[Dataset records]
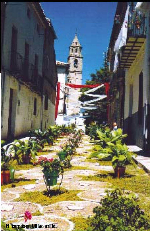
El corpus en Villacarrillo.
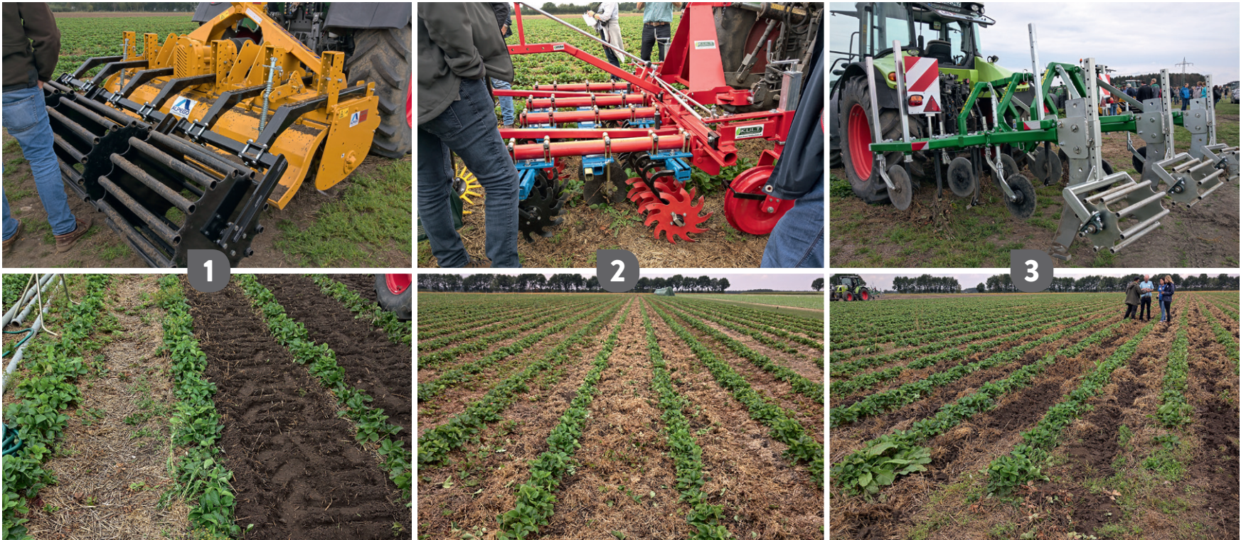
1. Vasemmalla olevissa kuvissa FG300-riviväljiysimellä voidaan käsitellä kolme riviväliä kerrallaan. Pakkerirullat tasoittavat työnjälkeä. 2. Kressin K.U.L.T. -traktoriharan voi koota mieleisistä komponenteista. Tässä mallissa edessä kulkevat suojakiekot, seuraavana kaksi riviä kiekkoahoroja sekä kiekkoileikkurit rönssyjen leikkaamista varten ja viimeisenä rikkaruohoja pensaan tyveltä torjuvat sormiharat. 3. Metasan ProfiStar-sarjan 3R lautasmuokkaimen edessä kulkevat kiekkoilekkurit leikkaavat rönssyt, hanhenjalkaterillä torjutaan rikkaruohot, kiekkolautaset multaavat oljet ja 50 cm syvyyteen yltävillä jankkuriterillä voidaan jankkuroida rivivälit. Jokaisen teräyksikön korkeutta ja työleveyttä voi säätää erikseen maalajin ja rivivälin mukaan.
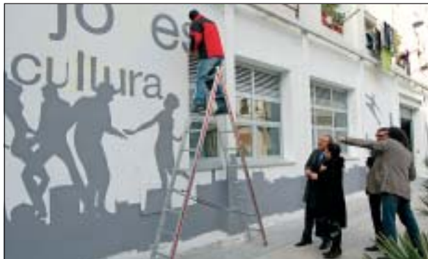
VISITA D'OBRES A LES DEPENDÈNCIES DE L'OFICINA DE LA LLEI DE BARRIS, 10 DIES ABANS DE LA SEVA OBERTURA AL PÚBLIC

La compra, reforma i equipament d'aquestes noves dependències ha costat uns 760.000 euros. Tenen uns 650 metres, repartits en tres grans sales: el Kftí de Can Mas, el Telecentre i la sala tècnica, que acull l'Oficina de la Llei de Barris i l'Espai Dona, entre d'altres. A més, hi ha diversos despatxos per a l'atenció personalitzada i està lliure de barreres.
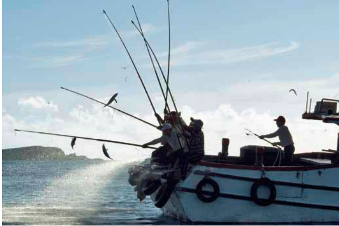
Mit Ruten und Leinen gefangener Fisch – eine nachhaltige Alternative
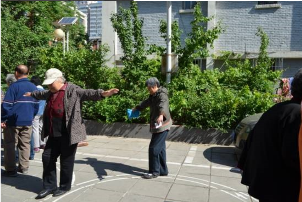
Photo 6 (ci-dessous) : Habitantes marchant le long de lignes courbes peintes sur le sol dans les espaces publics du shequ 社区 afin de vérifier qu'elles arrivent encore à marcher en suivant une ligne. (Photo prise sur le site internet de l'organisation. Elle date de mai 2016 et a été prise lors d'activités organisées par l'organisation.)

Dans ce shequ 社区, les personnes âgées sont des individus qui sont fortement intégrés dans un agencement institutionnel qui, en continuité des pratiques du temps de la danwei 单位, organise et prend en charge chacun dans ses activités quotidiennes culturelles, sportives, médicales, etc. Cela va même jusqu'à des pratiques quotidiennes simples comme le fait de retirer de l'argent, action pour laquelle les personnes âgées sont « accompagnées par un

EXERCISE
Using the data above, output the line that has "VISITA D'OBRES A", the line that has "Photo 6 (ci-dessous)", and whatever lines fall between, each exactly as it stands and without pictures.

SOLUTION TO THIS TASK
VISITA D'OBRES A LES DEPENDÈNCIES DE L'OFICINA DE LA LLEI DE BARRIS, 10 DIES ABANS DE LA SEVA OBERTURA AL PÚBLIC

La compra, reforma i equipament d'aquestes noves dependències ha costat uns 760.000 euros. Tenen uns 650 metres, repartits en tres grans sales: el Kftí de Can Mas, el Telecentre i la sala tècnica, que acull l'Oficina de la Llei de Barris i l'Espai Dona, entre d'altres. A més, hi ha diversos despatxos per a l'atenció personalitzada i està lliure de barreres.
Mit Ruten und Leinen gefangener Fisch – eine nachhaltige Alternative
Photo 6 (ci-dessous) : Habitantes marchant le long de lignes courbes peintes sur le sol dans les espaces publics du shequ 社区 afin de vérifier qu'elles arrivent encore à marcher en suivant une ligne. (Photo prise sur le site internet de l'organisation. Elle date de mai 2016 et a été prise lors d'activités organisées par l'organisation.)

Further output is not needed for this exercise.